Western Nebraska has been home ever since.

“Our kids come from a variety of backgrounds, and I would say Alliance is working class,” said Schroer. “The Railroad is probably our largest employer, and we have a very nice, large regional hospital. As far as science is concerned, both the Railroad and especially the hospital have been helpful with cross-curricular activities.”

Box Butte General Hospital started the Health Professions Club for Alliance, Hemingford and Hay Springs students about a decade ago, and watching her students go through the program and into careers in healthcare has been an enormously rewarding part of Schroer’s career.

“The number of students that I’ve had in class that have gone on to be pharmacists, medical doctors, nurses, and lab techs, I’m proud of that,” she said. “I go up to my doctor or visit the hospital to have blood drawn and I’ll see five or six former students. They’re staying in Alliance, which is nice.”

Much has changed over the last quarter of a century, Schroer said. Especially technology. She admits that she doesn’t have as much in common with today’s students. Schroer couldn’t tell you what TikTok is and doesn’t closely follow Twitter or Facebook. But that doesn’t mean she’s lost the ability to open her students’ eyes to their own potential. To connect students with the world of possibilities that awaits them.

“There’s an assignment I started doing about 20 years ago where I asked them to read a non-fiction science book,” Schroer said. “Kids these days, they only read what they’re supposed to read, and I was the same in high school.”

It wasn’t until college that Schroer really started diving into novels and works of non-fiction. The non-fiction books in particular, she soon realized, could be used to boost a student’s drive. Inspiration as a little extra splash of motivation, you could say.

“There’s the personality of scientists that come through in those books, and some of the kids don’t think they’re smart enough to be a scientist," Shroer said. "If they read these biographies, however, it really opens their eyes to possibilities. So relating those stories from nonfiction science writing, and repeating some of the small experiments that these now famous people did when they were in school, that’s been fun.”

And if Schroer still needs to break through? Well, there’s always old reliable to light the fire (pardon the pun) that stokes a student’s interest.

“Pretty much anything that involves fire or an explosion gets their attention,” she laughs.

A favorite experiment among her students is the flame test, in which they burn different elements to discover which colors of light are emitted due to the atomic structures of the element. Students then mix elements to achieve different colors, just as they would mix paint.

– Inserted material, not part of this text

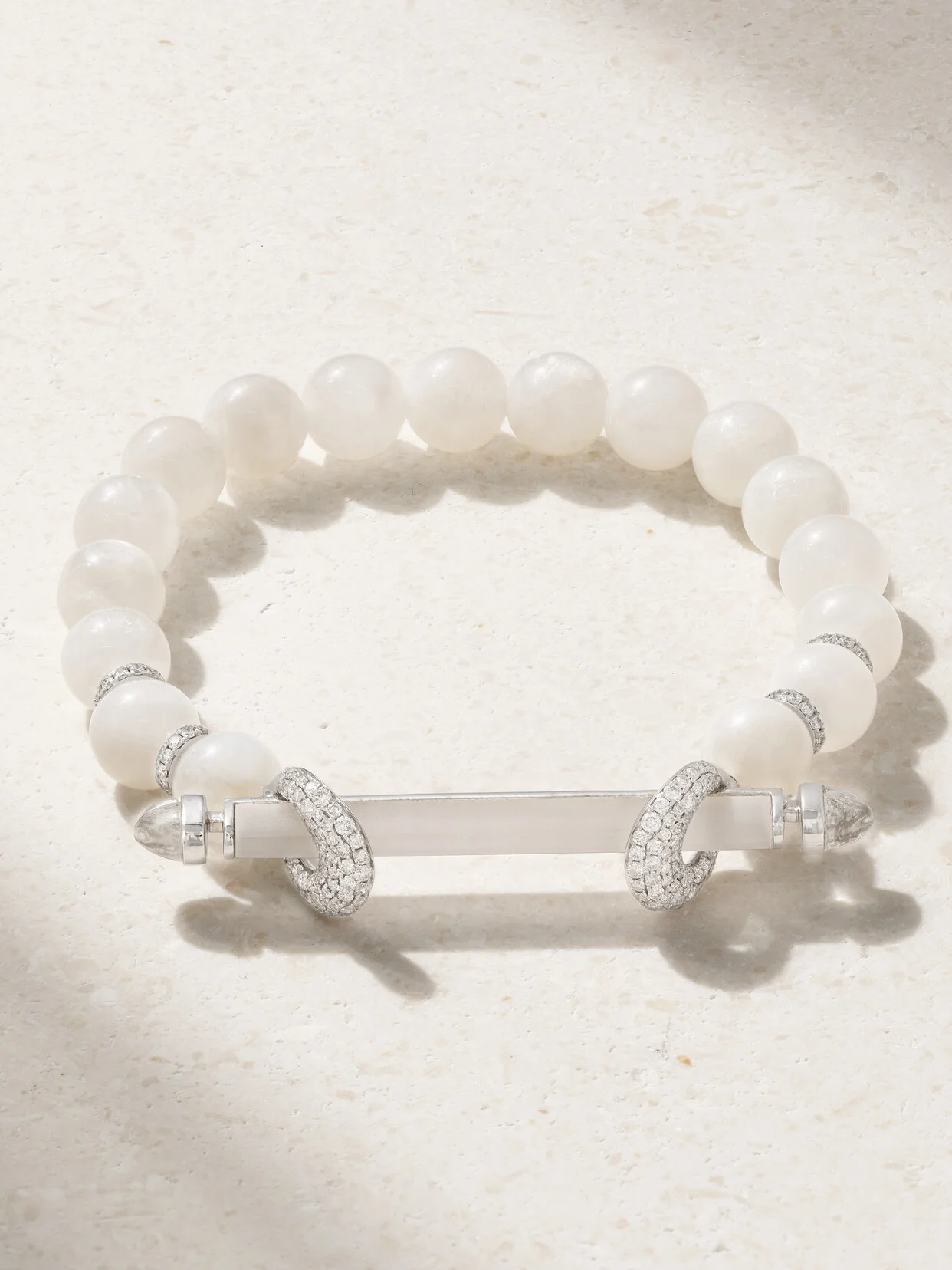 ANANYA believes that its 'Chakra' bracelets can bring 'balance and healing' to anyone who wears them. This one is crafted from 18-karat white gold and strung with milky moonstones as a symbol of protection and creativity. Frosted diamonds and quartz crystal tips complete the celestial feel.

“They all know yellow plus blue is green, but what if we burn sodium and copper together, what color will that produce?” Schroer asks. “They’ve always enjoyed the flame test. When they’re startled by a reaction, they act like it’s magic.”

No, she explains, it's science. And Laura Schoer is a science teacher who hopes her lessons extend beyond the periodic table.

“I want my students to understand that they’re not alone, that they’re part of a community.”